I will not say I invented this recipe, though I have not come across it yet. If you know of anyone else who does it, let me know! This variation has a whole lot more flavours going on. First and foremost is the citrusy tang of the sumac berry clusters. The second is a very smooth, but sour flavouring from wild grapes. Finally, the ultimate in flavour; raspberries. I won't even describe the epic, astoundingly beautiful taste that comes from this recipe. Just try it yourself and bow down to the beauty that is nature, for she just rocked your world.

Items needed:
-Heat source (same as before, folks!)
-Cooking Pot (just as before)
-Cheesecloth or other alternative. My first two times making this, we ended up using bug head-nets. Since then I have always carried a bug head-net in my kit.
 -Pitcher
-Cups

Ingredients:
 -2 Sumac berry clusters
-1 cup of wild grape fruits (harves
-1 cup of raspberries (common, purple flowering, blackberry, etc)
-1/2 cup of other edible and in-season wild berries (blueberry is good, as is saskatoon)
-Enough water to cover fruits, and then some
-Optional ingredient: ice cubes

Recipe:
-Place fruits in pot and fill with water
-Optional step: Mash fruits. Not really needed, as the heat will burst the fruits, and the final step will mash them anyways.
-Cover and bring to boil
-Boil for five minutes, or simmer for ten
-Let cool
-When still warm, pour liquid and fruits through cheesecloth or head-net and wring the fruit out into pitcher.

I love this beverage, as it is extremely sweet, and all natural. No sweetener is needed. Each fruit you add just increases the flavours. The first time I did this was on a Basic Hunter-Gatherer course in late-September (Leaves Chaning Colour Moon), and we could not get enough of this drink!

4) Raspberry Wild Rice
An amazing recipe I first experienced back in late winter of this year.
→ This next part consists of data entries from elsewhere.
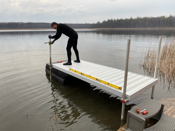 Save your buddies the hassle of holding up the dock while you auger using our foam floats (as seen above)! Cut a full-size float into halves or thirds and stack to the approximate desired installation height for a quick and easy installation!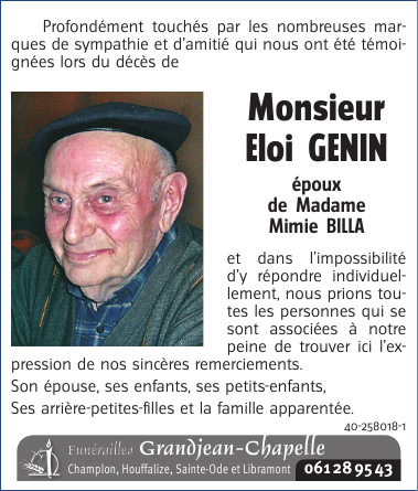 Né à Champlon (6971) le dimanche 10 mai 1925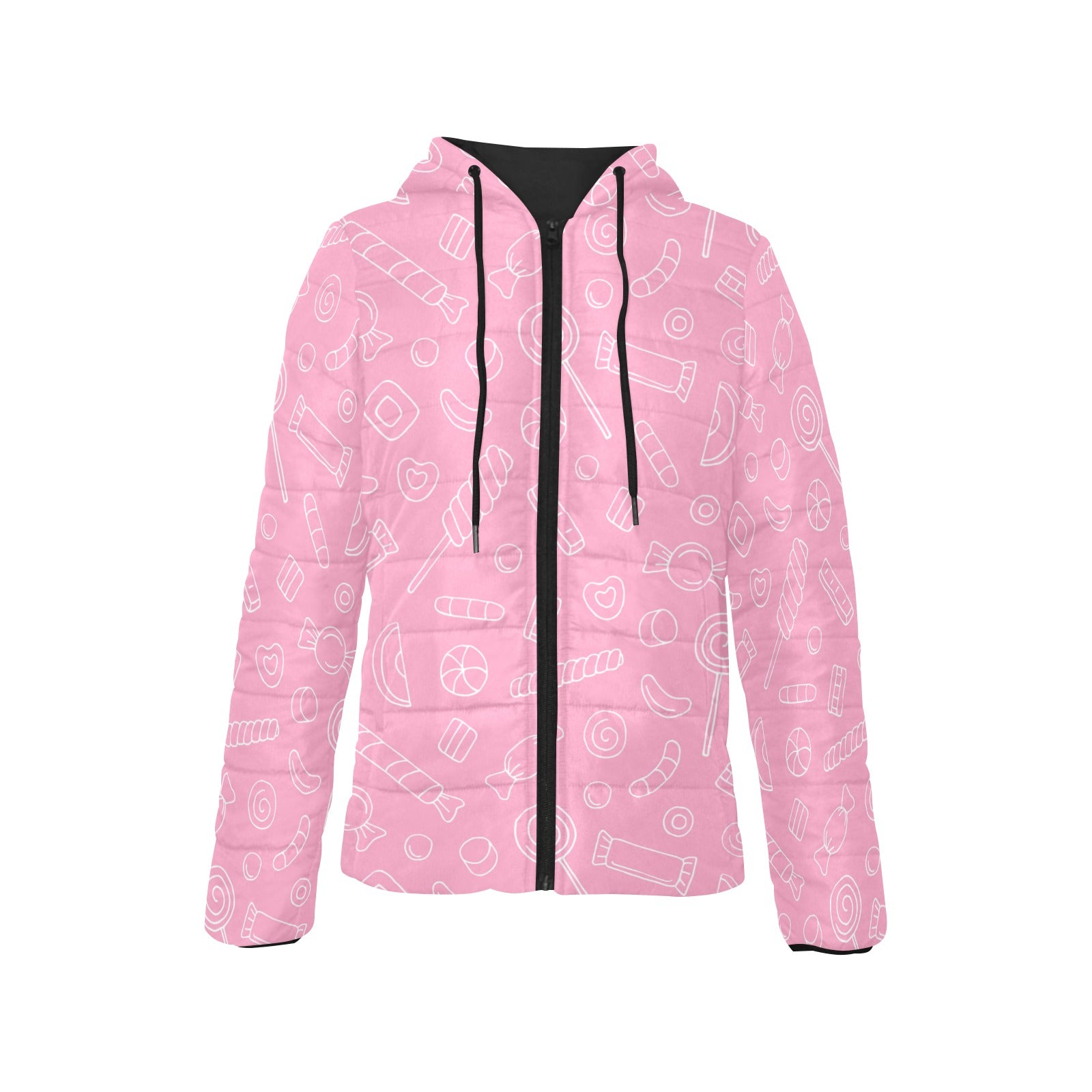 Sweet candy pink background Women's Padded Hooded Jacket

Since then, I have researched all I could, and found some traditional ingredients to bring this amazing dish into a more traditional diet. 

Items needed:
-Oven
-Deep baking tray/dish (a 2 inch depth should suffice)
-Aluminum foil or lid
-Cooking pot
-Stovetop
-Ladle or big spoon

Ingredients needed
-Two or three cups of wild rice
-Three or four cups of water
-1.5 cups of raspberries
-Some cooked moose or venison (last nights' steak is great in this), maybe 1 cup of meat shredded
-Wild seasonings (Garlic mustard, wild garlic, wild leeks, wild ginger, Sweetflag root, toothwort, whatever you may have. Sweetgale nutlets/seeds are really good as a black pepper and sage substitute

Recipe:
-Fill pot with wild rice and an equal amount of water. Bring to boil and simmer for twenty minutes. If water starts to run out, add a bit more. Don't add too much, yet.
-Preheat oven to 350C
-Once that is ready, pour into baking tray.
-Add rest of the water
-Add berries and meat
-Add seasonings
-Stir evenly so all of the ingredients are mixed thoroughly
-Seal and bake for thirty minutes.
-Let cool a bit, and then serve.

This is pretty much the perfect meal in my opinion. With light seasoning of the wild herbs, you can really get a feel for the food. The wild rice is soft and puffy with texture, and the meat offers that heavy need for protein we all crave at one point or another (join us Vegetarians, join us). The berries throw in their potency with this meal, as the bake, and steam all at once. Think of it as a casserole and a stew all in one. Served cold it makes an awesome breakfast of champions.

5) Raspberry-leaf tea

Always, always, always use fresh or fully dried leaves for your wild teas!!! Partially dried is not good for the gut, believe me on this one. So either pick them and use them immediately, or dry them and save for later use.

Items:
-Heat source
-cooking pot

Ingredients:
 -1/2 cup of raspberry leaves. I suggest common red or common black raspberries.
-3-4 cups of water

Recipe:
-Add leaves and water to cooking pot and bring to boil
-Boil for about three minutes, then set aside to steep for ten
-Optional step: add maple sugar for taste,

Sipped late by a fire, raspberry-leaf tea is a godsend. I dry as many as I can for winter use. Dry a few berries as well and toss them in if you really want to rid yourself of the winter blahs (that, or get outside more to soak up some vitamin D)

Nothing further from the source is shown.